Quant à un éventuel relèvement des taux directeurs européens, qui déterminent les taux d’intérêt à court terme, le scénario n’est pas évoqué ou si peu. On s’attend tout au plus à ce que le taux de dépôt soit relevé de 10 points de base à la mi-2019. Ce qui serait de toute façon largement insuffisant pour ramener le taux interbancaire à un niveau positif. Et réduit à néant tout espoir de hausse de la rémunération des comptes d’épargne à court ou moyen terme.
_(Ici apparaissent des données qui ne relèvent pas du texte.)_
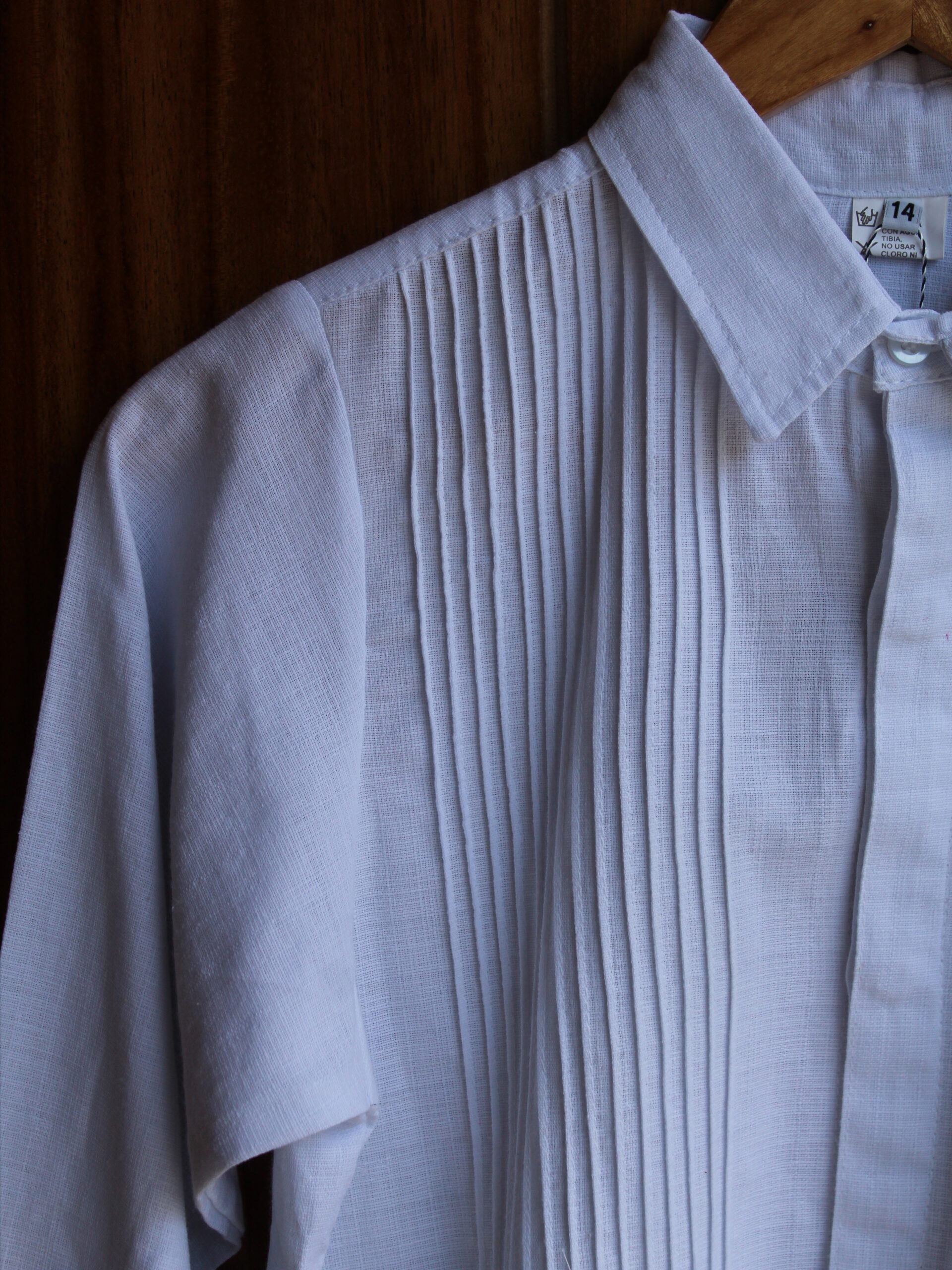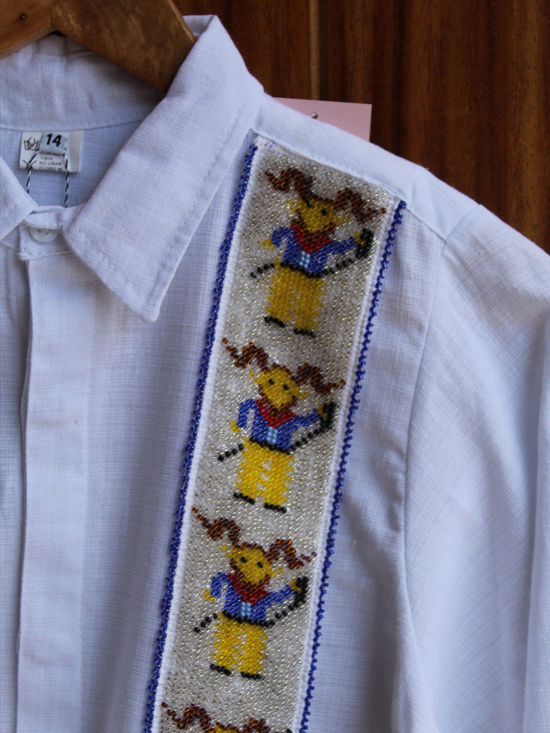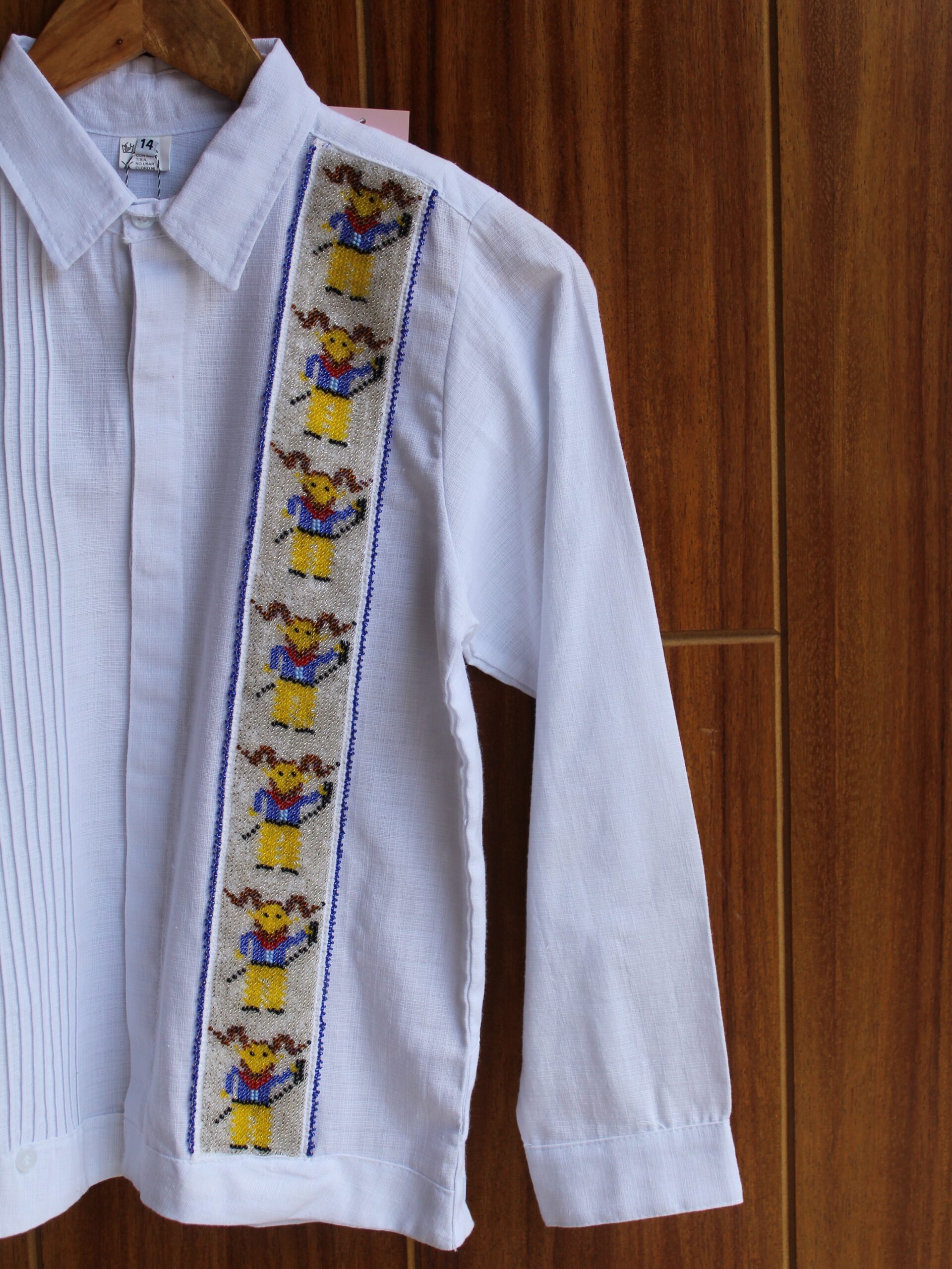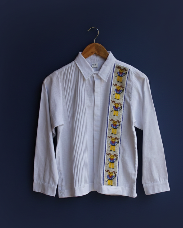 Viste a tu peque con esta bonita camisa tipo guayabera de lino/algodón en color blanca, con manga larga, lo que la hace única es su espectacular y meticuloso bordado de chaquira hecho a mano, que da vida a una fila de diablitos.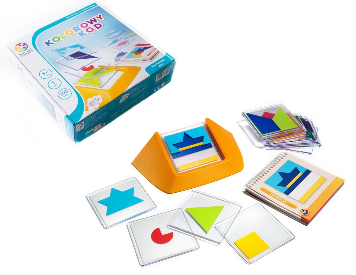 Kod koloru zawiera 18 pogrubionych, kolorowych kształtów, każdy na przezroczystej płytce. Wybierz wyzwanie, a następnie ustaw stos płytek, aby odtworzyć dokładnie kompozycję prezentowaną przez wyzwanie! Wspaniałe wprowadzenie do kolorów, kształtów, porządku, orientacji.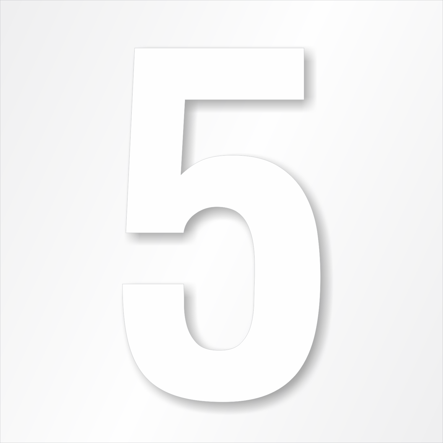 Die-Cut Number: Die-Cut 12 Inch Character Height, White, Number - 5 NL-CO-BA-12-WH-5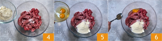 Agora adicione também o Parmigiano Reggiano ralado 4, os ovos 5 e a salsinha seca 6.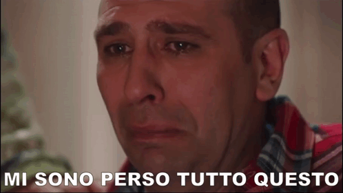 Italian comedian Checco Zalone cries emotionally with the caption 'I MISSED ALL OF THIS' from his film Quo Vado.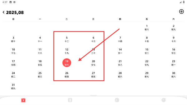1、在日历页,点击选中日期,可查看当天日程或设置事件,规划每日安排,点击查看日期。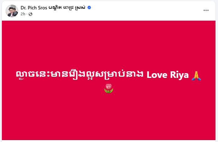 នៅថ្ងៃទី ២៤ ខែកុម្ភៈ បណ្ឌិត ពេជ្រ ស្រស់ បានបង្ហោះសារលើបណ្តាញសង្គម បញ្ជាក់ថា «ល្ងាចនេះមានរឿងល្អសម្រាប់នាង Love Riya» បន្ទាប់ពីលោកបានស្នើសុំក្តីមេត្តាពីថ្នាក់ដឹកនាំ ដើម្បីពិចារណាអនុញ្ញាតឱ្យនាងអាចនៅក្រៅឃុំជាបណ្តោះអាសន្ន។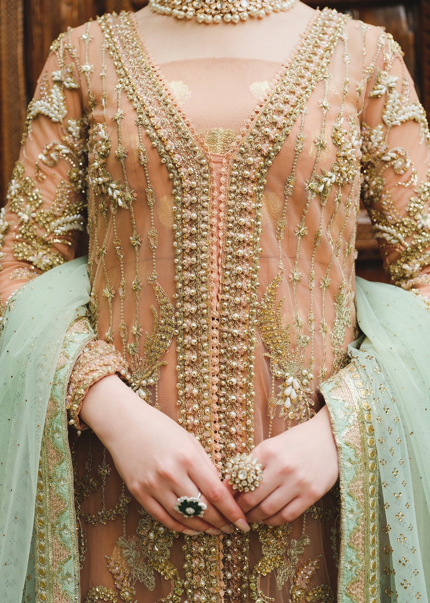 The prettiest peach outfit they ever was - the entire front is embellished in 3D crystals, pearls, Gota Patti and sequins. The front panels are finished with delicate tilla borders, and heavily embellished. This is the perfect showstopper ! The duppatta is a contrast mint tulle with scattered Swarovski crystals shining beautifully with appliqué corners on the Pallus in peach. The dress a jamawar organza finished with a pretty lace border in gold tilla.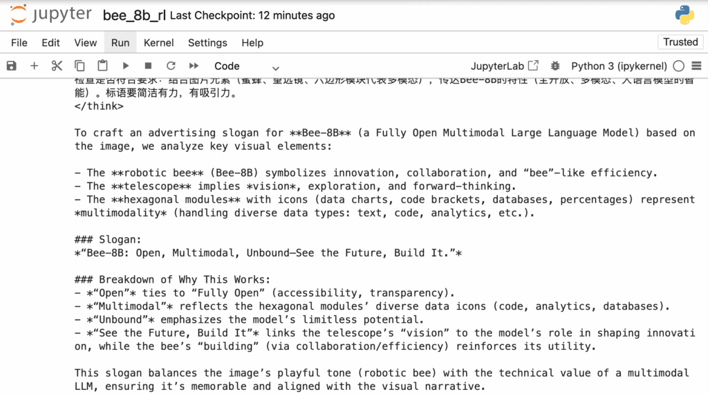 Bee-8-RL is an open-source multimodal AI, combining the power of the Bee-8B architecture, the Honey-Data-15M corpus, and the HoneyPipe curation framework to deliver state-of-the-art reasoning and visual understanding, all without proprietary barriers. Its seamless integration with tools like vLLM makes it ideal for real-world, high-performance AI workflows. Through this guide, we explored how to install and run Bee-8-RL locally, unlocking its full potential for developers, researchers, and AI enthusiasts. NodeShift Cloud amplifies this accessibility by providing an optimized environment to deploy, test, and scale models like Bee-8-RL effortlessly, ensuring that cutting-edge open AI innovation is just a few commands away from your local machine.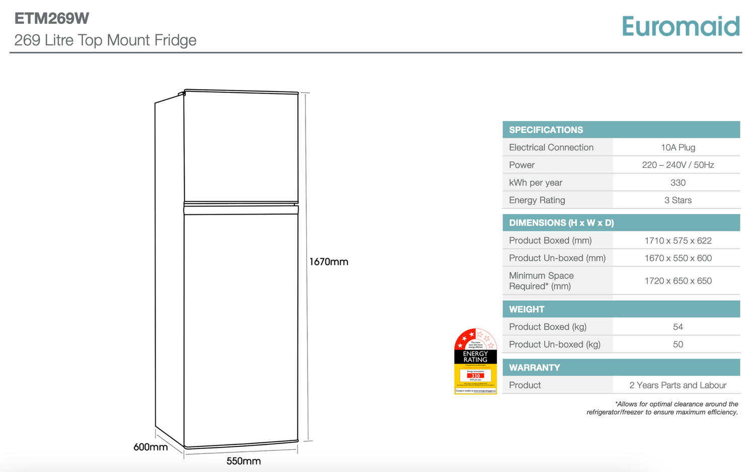 Euromaid 269L Stainless Steel Top Mount Fridge ETM269S - Ex Display Discount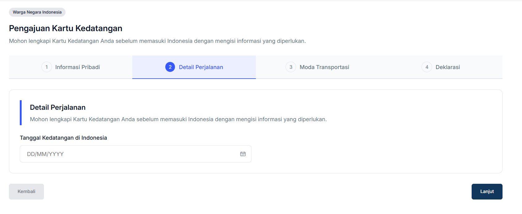 - Setelah mengisi Informasi Pribadi, lanjutkan dengan mengisi Detail Perjalanan. Lengkapi detail tanggal kedatangan Anda di Indonesia.
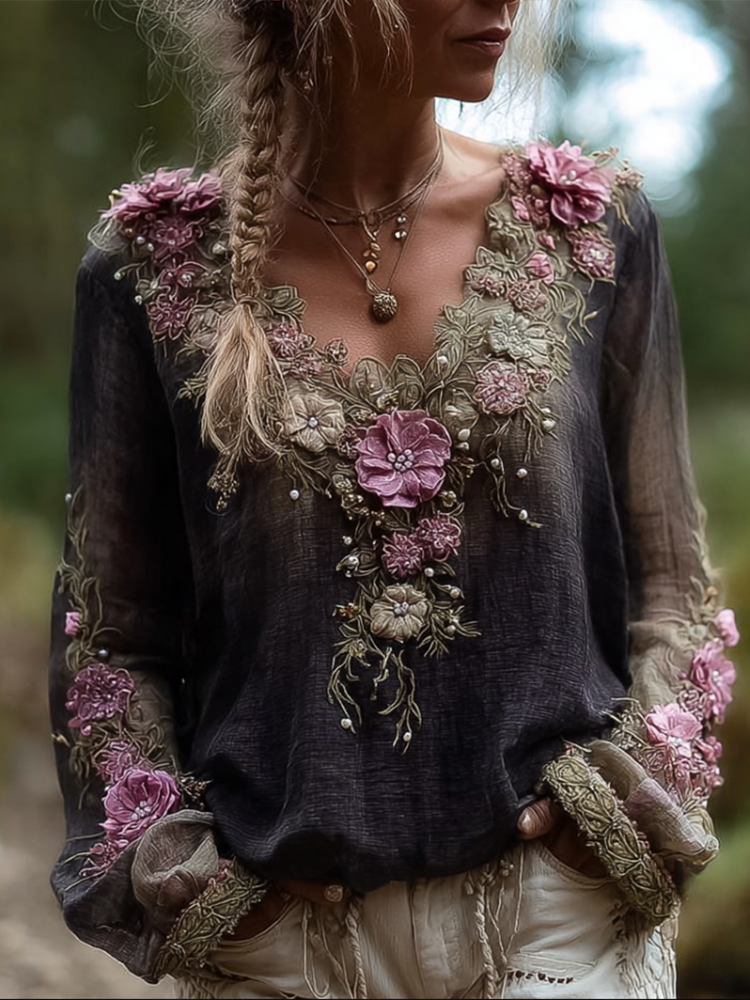 Bohemian Style Round Neck Long Sleeve 3d Purple Flower Design Cotton And Linen Top For Women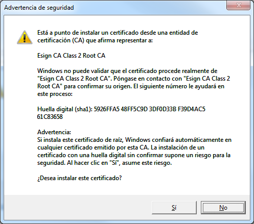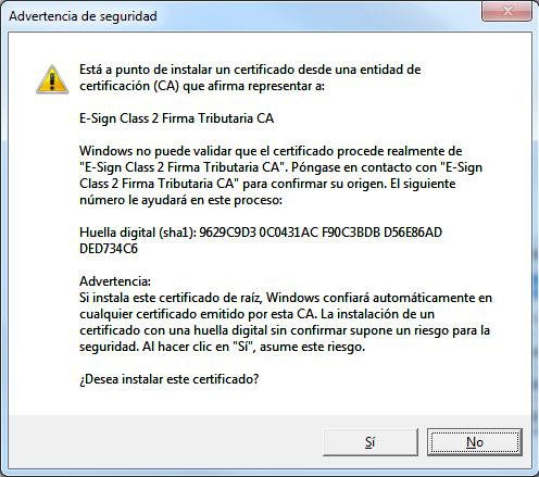 Haga clic en Sí para finalizar la instalación. Una vez finalizada la instalación el sistema le mostrará una confirmación de instalación del certificado: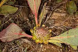 | Microgeantae | western ground protea | Protea acaulos | Common ground sugarbush | ![]() |

Pour rentabiliser ses avoirs, l’épargnant-investisseur ne peut donc compter que sur les bourses d’actions, aux évolutions certes sinueuses et capricieuses, et sur quelques choix obligataires très bien inspirés. C’est évidemment plus facile à dire qu’à faire. Cela requiert également une certaine capacité à encaisser les hauts et bas des marchés. Nous maintenons cependant notre sélection centrée sur l’Espagne, l’Italie et le Portugal, en ne lâchant pas toutefois le frein à main, surtout sur le plan des durées. Nous les limitons à des échéances de 3 à 7 ans et, quand cela s’avère possible, en privilégiant le papier dont les taux sont liés à l’inflation. Nous avons complété nos positions obligataires avec des investissements limités en obligations des marchés émergents (principalement d’Asie), bons du Trésor américain à (très) court terme et obligations d’État polonaises.

Les positions en action restent surpondérées, avec un accent sur les entreprises européennes vu leur valorisation relative plus faible. Mais nous continuons par ailleurs à renforcer sensiblement les positions américaines en nous intéressant surtout aux thèmes connus: la technologie en général et la robotique en particulier, l’eau, le life-style et last but not least la sécurité, surtout appliquée au secteur financier.